In Ankara sind neun Mitglieder der Gefangenenangehörigenorganisation TAYAD festgenommen worden. Die Aktivist:innen hatten am Freitag versucht, vor dem Justizministerium eine öffentliche Erklärung zur Situation von zwei politischen Gefangenen abzugeben. Sibel Balaç und Gökhan Yıldırım sind seit Monaten im Hungerstreik. Damit protestieren sie gegen ihre Verurteilung „aufgrund erfundener Beweise“ und fordern ein faires Gerichtsverfahren, erklärte TAYAD.
Die im Frauengefängnis Sincan einsitzende Sibel Balaç ist eine Sonderpädagogin und Ende 2018 im Zuge der Aktion „Wir wollen unsere Arbeit zurück“, die von Entlassenen aus dem Staatsdienst ins Leben gerufen war, verhaftet worden. Der Urteilsspruch über acht Jahre Freiheitsstrafe wegen vermeintlicher Mitgliedschaft in der DHKC-P, die in der Türkei als Terrororganisation verfolgt wird, gründet auf den angeblichen Fund einer SD-Karte bei ihr mit „belastendem Material“. Um was es dabei konkret gehen soll, ist bis heute nicht klar. Den gesamten Prozess über tauchte die Speicherkarte kein einziges Mal auf.
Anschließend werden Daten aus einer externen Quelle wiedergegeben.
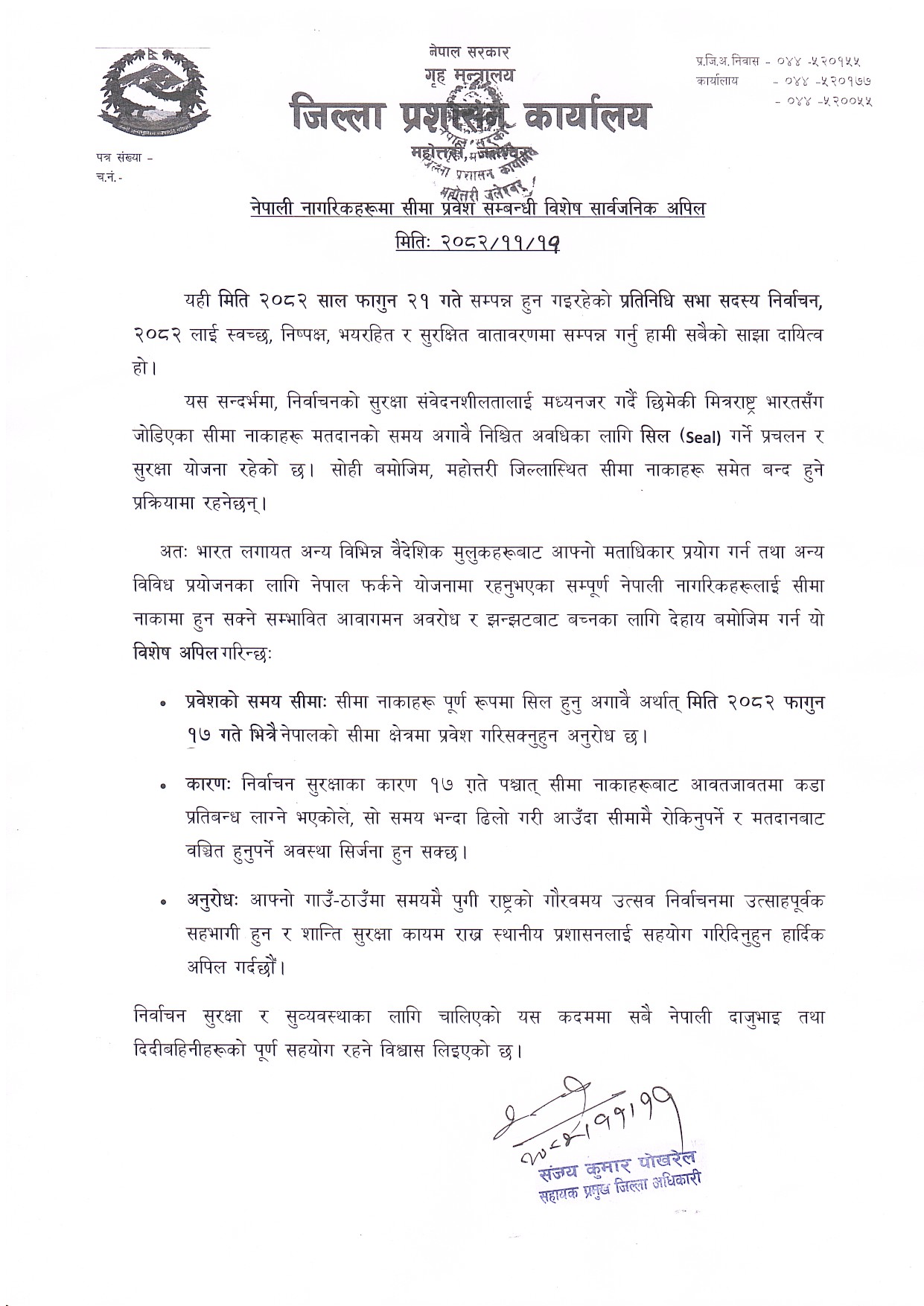 नेपाली नागरिकहरुमा सीमा प्रवेश सम्बन्धी विषेश सार्वजनिक अपिल

Gökhan Yıldırım ist politischer Aktivist und 2018 als angeblicher „Istanbul-Leiter“ der DHKC-P und wegen den Vorwürfen Körperverletzung und Sachbeschädigung zu einer Haftstrafe von 46 Jahren verurteilt worden. Er setzte sich gegen den staatlich geförderten Drogenkonsum im Viertel Gazi ein und geriet dabei ins Visier von Drogenbanden. Laut TAYAD habe die Polizei die Täter geschützt und gegen ihn Beweise erfunden. Sowohl Yıldırım, der im Hochsicherheitsgefängnis Tekirdağ inhaftiert ist, als auch Balaç befinden sich seit Dezember im Hungerstreik und haben ihren Protest inzwischen in ein Todesfasten umgewandelt. Bei dieser Form des Hungerstreiks nehmen die Beteiligten nur noch Wasser mit darin gelöstem Zucker und Salz sowie in manchen Fällen Vitamin-B-Präparate zu sich.
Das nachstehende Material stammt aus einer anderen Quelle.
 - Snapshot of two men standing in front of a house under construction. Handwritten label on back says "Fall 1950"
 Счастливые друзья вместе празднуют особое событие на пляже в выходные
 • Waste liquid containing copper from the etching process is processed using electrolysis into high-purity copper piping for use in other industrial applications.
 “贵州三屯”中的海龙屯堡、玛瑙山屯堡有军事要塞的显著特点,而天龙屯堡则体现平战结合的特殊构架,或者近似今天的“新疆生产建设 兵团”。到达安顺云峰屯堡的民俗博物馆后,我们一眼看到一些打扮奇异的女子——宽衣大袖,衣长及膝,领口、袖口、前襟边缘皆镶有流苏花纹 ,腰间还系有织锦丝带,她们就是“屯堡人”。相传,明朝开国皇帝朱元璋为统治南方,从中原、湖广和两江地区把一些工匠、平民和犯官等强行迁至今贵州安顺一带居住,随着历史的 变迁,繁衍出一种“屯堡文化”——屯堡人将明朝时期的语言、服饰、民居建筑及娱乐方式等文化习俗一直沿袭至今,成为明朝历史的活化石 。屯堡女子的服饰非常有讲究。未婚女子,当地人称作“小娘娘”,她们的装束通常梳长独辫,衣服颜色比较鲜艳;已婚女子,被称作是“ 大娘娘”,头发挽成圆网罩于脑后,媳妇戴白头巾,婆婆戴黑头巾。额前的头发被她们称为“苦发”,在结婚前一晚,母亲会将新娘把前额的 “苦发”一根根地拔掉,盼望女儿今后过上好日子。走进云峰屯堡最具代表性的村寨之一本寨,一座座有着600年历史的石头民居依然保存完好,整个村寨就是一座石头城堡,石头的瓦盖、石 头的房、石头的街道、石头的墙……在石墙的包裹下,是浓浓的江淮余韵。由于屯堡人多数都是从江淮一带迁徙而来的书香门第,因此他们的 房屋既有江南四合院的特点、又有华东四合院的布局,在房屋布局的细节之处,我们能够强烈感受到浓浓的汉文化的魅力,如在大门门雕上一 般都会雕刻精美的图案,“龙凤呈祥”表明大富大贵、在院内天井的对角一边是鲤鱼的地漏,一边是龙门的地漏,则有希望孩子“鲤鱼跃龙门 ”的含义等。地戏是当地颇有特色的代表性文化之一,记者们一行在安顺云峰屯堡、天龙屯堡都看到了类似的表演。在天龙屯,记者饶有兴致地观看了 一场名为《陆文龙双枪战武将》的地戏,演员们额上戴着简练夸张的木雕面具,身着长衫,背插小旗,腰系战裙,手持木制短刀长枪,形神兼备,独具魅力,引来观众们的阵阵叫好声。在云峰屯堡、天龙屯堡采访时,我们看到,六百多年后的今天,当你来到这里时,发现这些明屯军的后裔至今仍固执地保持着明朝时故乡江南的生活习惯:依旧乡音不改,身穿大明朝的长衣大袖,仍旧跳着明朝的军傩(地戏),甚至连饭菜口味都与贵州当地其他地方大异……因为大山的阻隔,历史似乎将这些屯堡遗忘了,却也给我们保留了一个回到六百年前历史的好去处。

Bei den in Ankara festgenommenen Aktiven von TAYAD handelt es sich um Erkan Yıldırım (Gökhan Yıldırıms Bruder), Feridun Osmanağaoğlu, Nergis Doğru, Ömer Akyel, Merve Demirel, Ayşe Arapgirli, Taylan Sungur, Turan Akdaş und Şengül Ulus. Ihnen droht nun ein Ermittlungsverfahren wegen Verstoß gegen das türkische Versammlungsgesetz.